Input records>

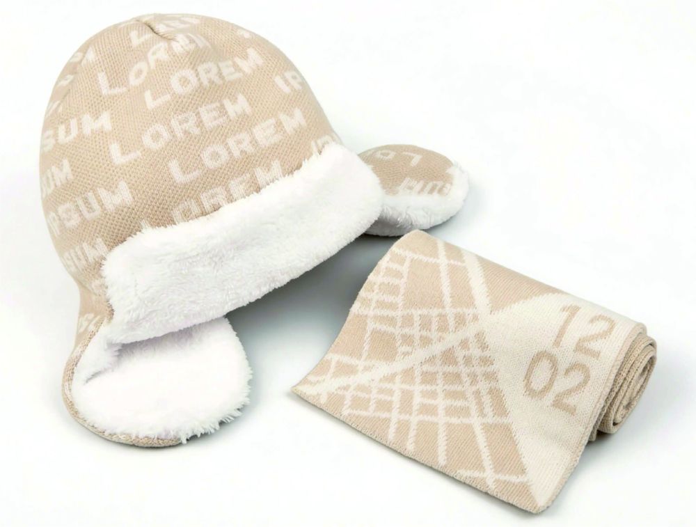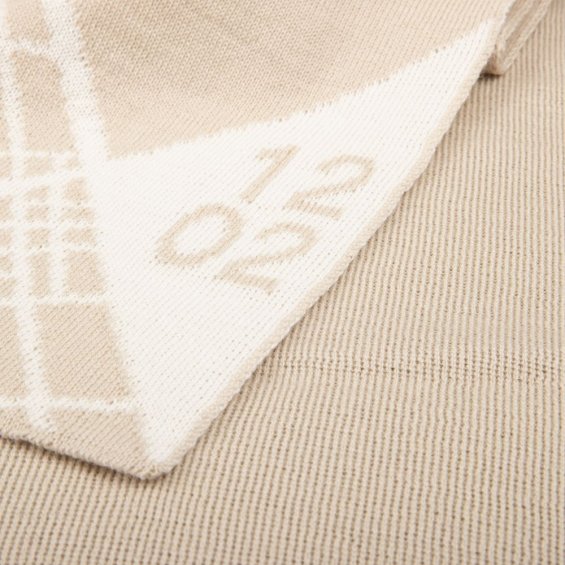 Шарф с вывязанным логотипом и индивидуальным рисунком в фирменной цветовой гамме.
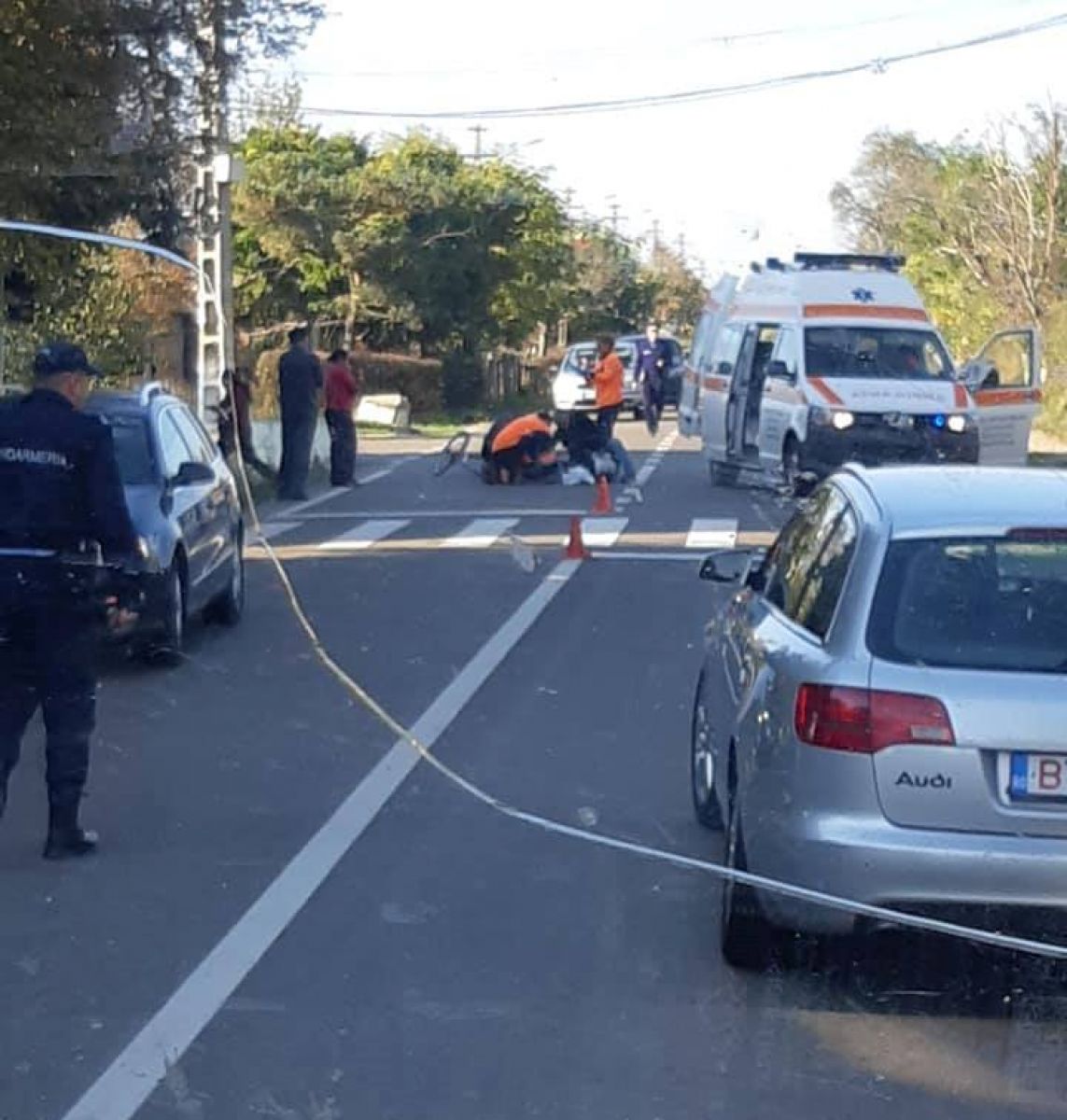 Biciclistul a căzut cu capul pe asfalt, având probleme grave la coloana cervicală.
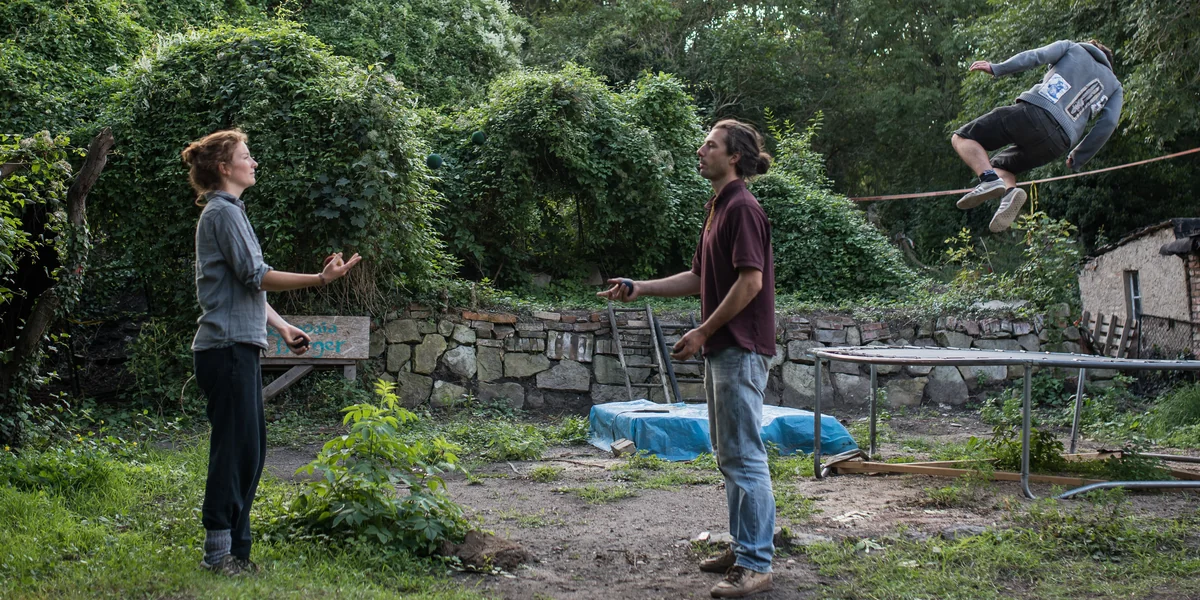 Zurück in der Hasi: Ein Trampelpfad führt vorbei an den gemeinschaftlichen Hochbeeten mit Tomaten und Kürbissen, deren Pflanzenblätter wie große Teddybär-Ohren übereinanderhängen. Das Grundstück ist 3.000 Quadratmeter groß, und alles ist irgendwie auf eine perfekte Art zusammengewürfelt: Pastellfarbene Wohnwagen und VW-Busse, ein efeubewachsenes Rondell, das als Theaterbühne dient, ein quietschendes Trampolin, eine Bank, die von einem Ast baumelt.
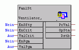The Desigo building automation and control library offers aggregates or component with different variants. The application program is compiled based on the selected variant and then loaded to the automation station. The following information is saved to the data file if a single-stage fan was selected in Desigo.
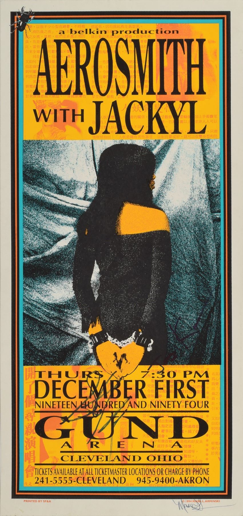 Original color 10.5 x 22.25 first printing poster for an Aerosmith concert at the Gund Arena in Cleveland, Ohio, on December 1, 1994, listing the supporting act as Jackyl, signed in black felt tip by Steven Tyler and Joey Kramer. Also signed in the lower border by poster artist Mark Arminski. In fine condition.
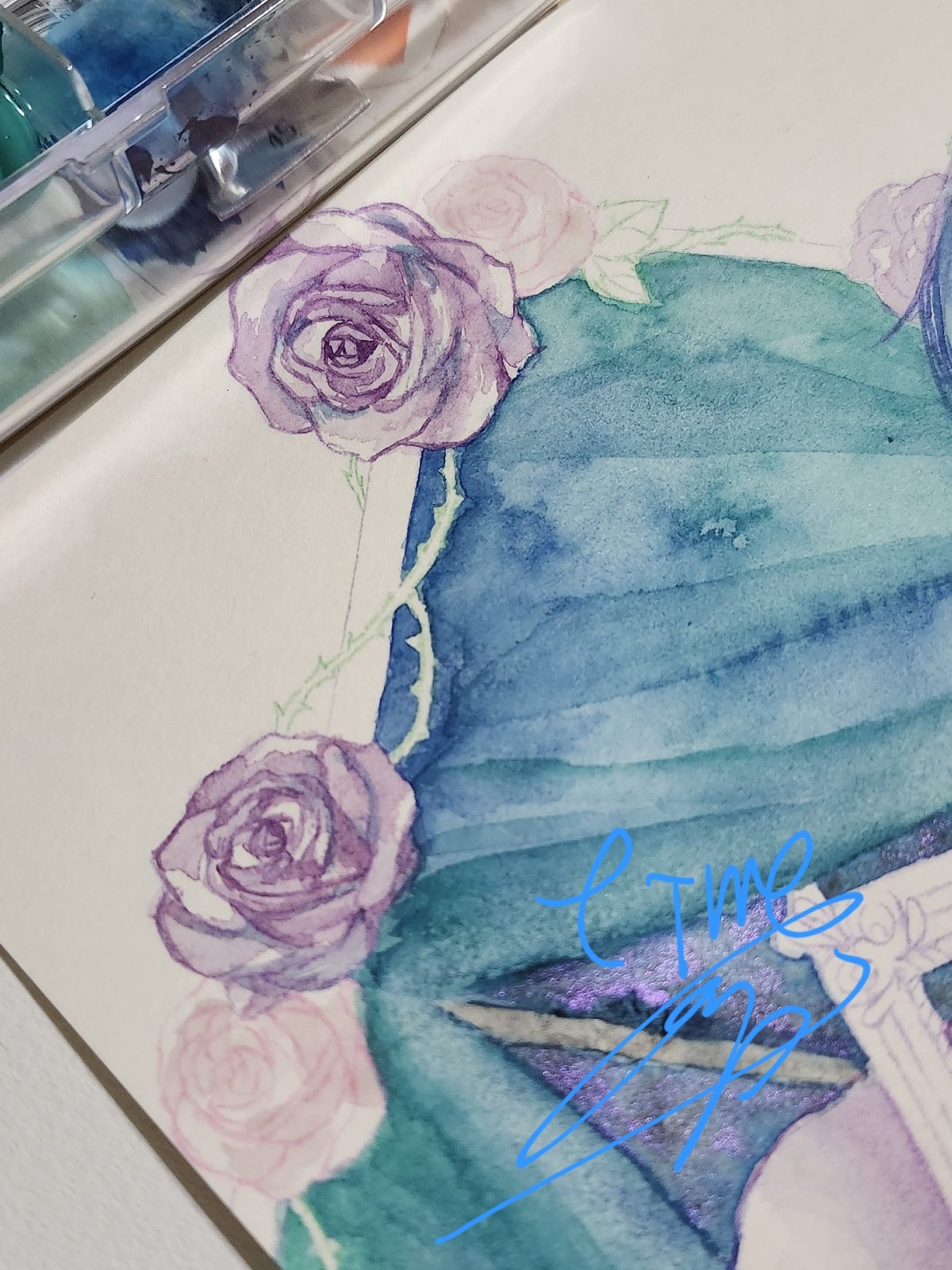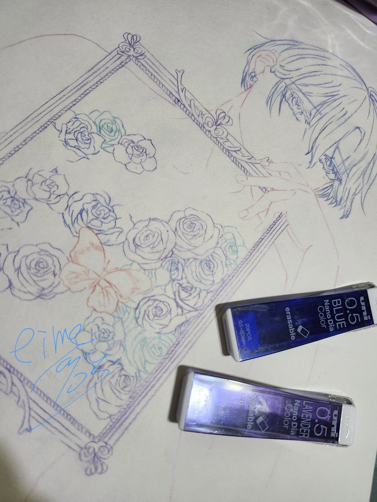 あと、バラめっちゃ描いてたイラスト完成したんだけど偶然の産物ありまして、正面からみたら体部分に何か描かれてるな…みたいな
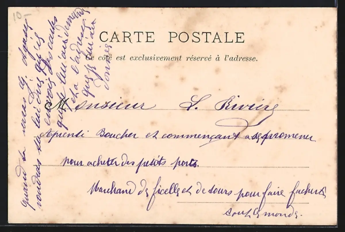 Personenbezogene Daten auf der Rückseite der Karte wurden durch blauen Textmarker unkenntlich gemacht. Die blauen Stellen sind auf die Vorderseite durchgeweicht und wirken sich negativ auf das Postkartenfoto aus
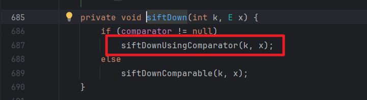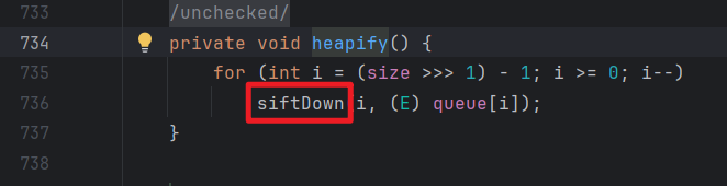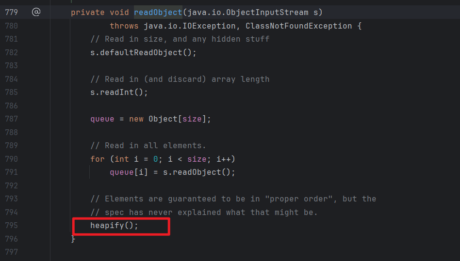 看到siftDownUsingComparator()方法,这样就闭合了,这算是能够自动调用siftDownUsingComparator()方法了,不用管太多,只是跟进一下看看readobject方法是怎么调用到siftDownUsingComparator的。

Problem description> Could you print all of the entries above exactly as written, minus the pictures?

Answer section>
 Шарф с вывязанным логотипом и индивидуальным рисунком в фирменной цветовой гамме.
 Biciclistul a căzut cu capul pe asfalt, având probleme grave la coloana cervicală.
 Zurück in der Hasi: Ein Trampelpfad führt vorbei an den gemeinschaftlichen Hochbeeten mit Tomaten und Kürbissen, deren Pflanzenblätter wie große Teddybär-Ohren übereinanderhängen. Das Grundstück ist 3.000 Quadratmeter groß, und alles ist irgendwie auf eine perfekte Art zusammengewürfelt: Pastellfarbene Wohnwagen und VW-Busse, ein efeubewachsenes Rondell, das als Theaterbühne dient, ein quietschendes Trampolin, eine Bank, die von einem Ast baumelt.
The Desigo building automation and control library offers aggregates or component with different variants. The application program is compiled based on the selected variant and then loaded to the automation station. The following information is saved to the data file if a single-stage fan was selected in Desigo.
 Original color 10.5 x 22.25 first printing poster for an Aerosmith concert at the Gund Arena in Cleveland, Ohio, on December 1, 1994, listing the supporting act as Jackyl, signed in black felt tip by Steven Tyler and Joey Kramer. Also signed in the lower border by poster artist Mark Arminski. In fine condition.
 あと、バラめっちゃ描いてたイラスト完成したんだけど偶然の産物ありまして、正面からみたら体部分に何か描かれてるな…みたいな
 Personenbezogene Daten auf der Rückseite der Karte wurden durch blauen Textmarker unkenntlich gemacht. Die blauen Stellen sind auf die Vorderseite durchgeweicht und wirken sich negativ auf das Postkartenfoto aus
 看到siftDownUsingComparator()方法,这样就闭合了,这算是能够自动调用siftDownUsingComparator()方法了,不用管太多,只是跟进一下看看readobject方法是怎么调用到siftDownUsingComparator的。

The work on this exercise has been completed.